The purpose of this utility model is achieved in that it comprises an enclosure with cover, and load sample plate and an Ep pipe are housed in the enclosure, and pMD18-T-PAT-CP4-EPSPS-Cry1A (B)-BAR-RBCL plasmid is housed in the Ep pipe.
The utility model also has some technical characterictics like this:
1, described load sample plate is provided with the load sample hole, and the Ep pipe passes the load sample hole and is provided with.
The utility model is to utilize recombinant technology with genetically engineered soybean, main foreign gene Cry1A (B) gene of corn and paddy rice, the BAR gene, the CP4-EPSPS gene, pat gene and common confidential reference items RBCL gene all are cloned in the plasmid simultaneously, doing soybean, when corn and paddy rice transgene component qualitative detection, in positive control PCR reaction, add this standard molecule plasmid, internal standard gene RBCL gene and foreign gene CP4-EPSPS gene, Cry1A (B) gene, BAR gene and pat gene have all obtained amplification, and the amplified fragments size is consistent with the expection clip size, and only amplify the internal control gene fragment in the negative control, in the blank without any amplified fragments, show PCR reaction system works better, can judge whether contain the CP4-EPSPS gene the sample detection result, Cry1A (B) gene, BAR gene and pat gene.
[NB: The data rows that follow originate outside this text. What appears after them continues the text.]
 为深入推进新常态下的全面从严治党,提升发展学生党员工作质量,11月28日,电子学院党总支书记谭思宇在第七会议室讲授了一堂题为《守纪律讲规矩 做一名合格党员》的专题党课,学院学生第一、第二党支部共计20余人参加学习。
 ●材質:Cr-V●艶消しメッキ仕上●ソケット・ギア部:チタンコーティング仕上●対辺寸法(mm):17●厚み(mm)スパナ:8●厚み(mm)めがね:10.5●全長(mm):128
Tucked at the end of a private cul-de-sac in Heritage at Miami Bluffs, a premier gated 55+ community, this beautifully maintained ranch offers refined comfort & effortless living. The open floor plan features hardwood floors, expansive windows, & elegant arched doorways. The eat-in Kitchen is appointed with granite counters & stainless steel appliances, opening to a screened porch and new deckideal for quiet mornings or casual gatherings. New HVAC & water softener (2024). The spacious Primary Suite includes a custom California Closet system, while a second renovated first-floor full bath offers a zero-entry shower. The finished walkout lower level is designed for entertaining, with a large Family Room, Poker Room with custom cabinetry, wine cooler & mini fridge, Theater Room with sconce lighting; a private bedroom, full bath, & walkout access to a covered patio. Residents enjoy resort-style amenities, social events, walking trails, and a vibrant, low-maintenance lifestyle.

Standard molecule in the utility model and other detect soybean, corn is different with the genetically modified standard molecule of paddy rice, other products needs at least 4 standard molecules promptly to need 4 EP pipes, and the utility model is with transgenosis food crop soybean common on the transgenosis market, main foreign gene Cry1A (B) gene of corn and paddy rice, the BAR gene, the CP4-EPSPS gene, pat gene and common confidential reference items RBCL gene all are cloned in the plasmid simultaneously, can be used for different varieties transgenosis food crop qualitative detection CP4-EPSPS gene, Cry1A (B) gene, the general positive standard molecule of BAR gene and pat gene.The utility model only needs promptly have only 1 EP pipe just to satisfy with 1 standard molecule and detects needs.Therefore, the utility model is lighter and handier, simple and efficient.Not only can solve the difficult problem that the laboratory generally lacks the positive criteria material, can also improve detection efficiency, shorten sense cycle.
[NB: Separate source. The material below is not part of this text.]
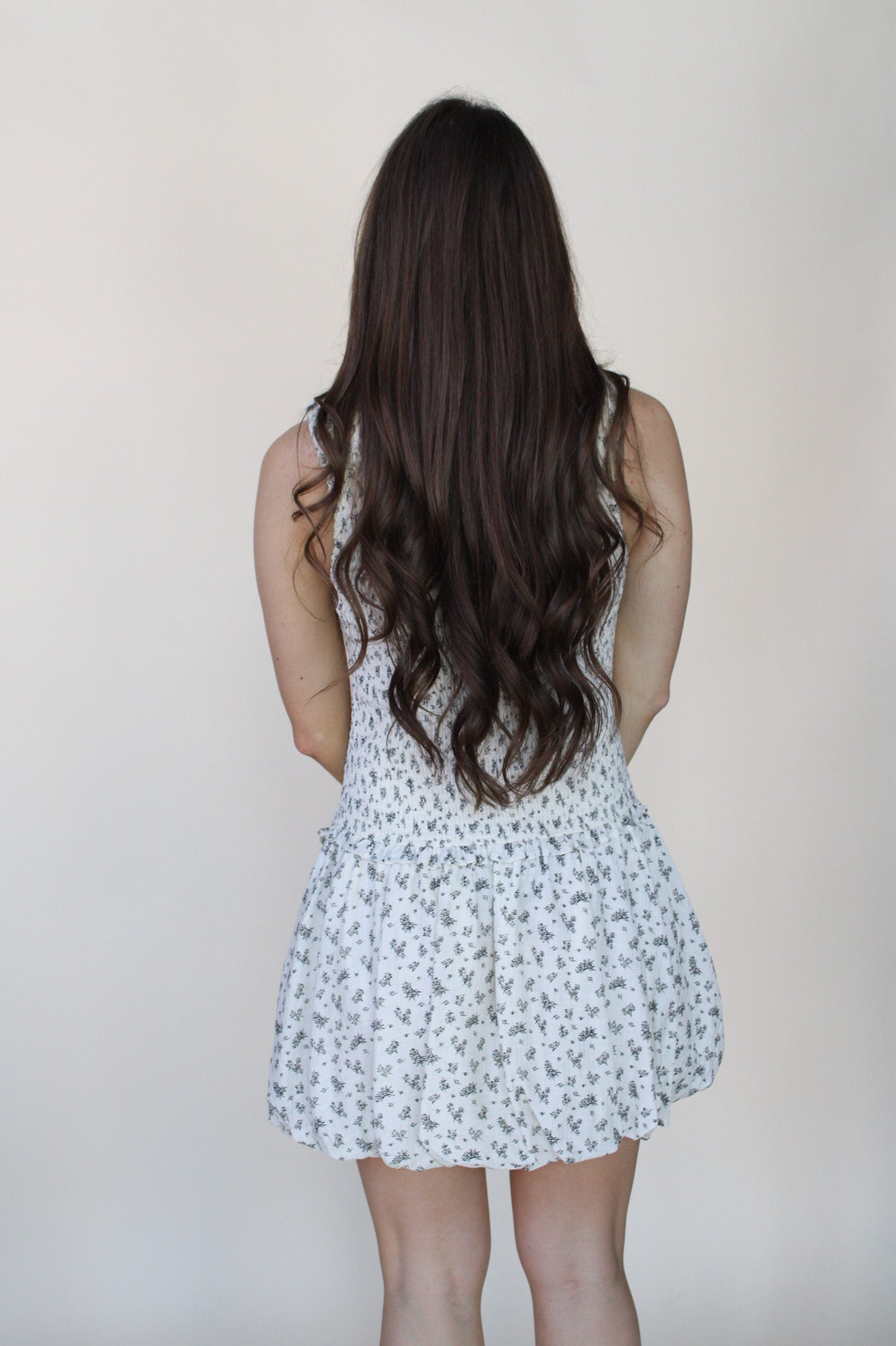 Ivory mini dress featuring an elegant black floral pattern throughout. The smocked dropped waist creates a flattering silhouette, while the bubble hem adds playful movement and dimension. Perfect for casual outings or dressed-up occasions.

(4) description of drawings
Fig. 1 is the utility model box body outside view;
Fig. 2 is the utility model load sample composition that hardens;
Fig. 3 is the transverse views of Fig. 2;
Fig. 4 is the utility model Ep pipe outside view.
(5) embodiment
Below in conjunction with the drawings and specific embodiments the utility model is further described:
In conjunction with Fig. 1-Fig. 4, present embodiment comprises a seal box with cover 1, and load sample plate 2 and an EP pipe 3 are housed in the box, in the Ep pipe 3 pMD18-T-PAT-CP4-EPSPS-Cry1A (B)-BAR-RBCL plasmid is housed, load sample hole 4 is arranged on 2 on the load sample plate, Ep pipe 3 passes load sample hole 4 and is provided with.
Claims (2)
1. a genetically engineered soybean, corn and paddy rice foreign gene detect and use the standard molecule test kit, and it comprises an enclosure with cover, it is characterized in that being equipped with in the described enclosure load sample plate and an Ep pipe.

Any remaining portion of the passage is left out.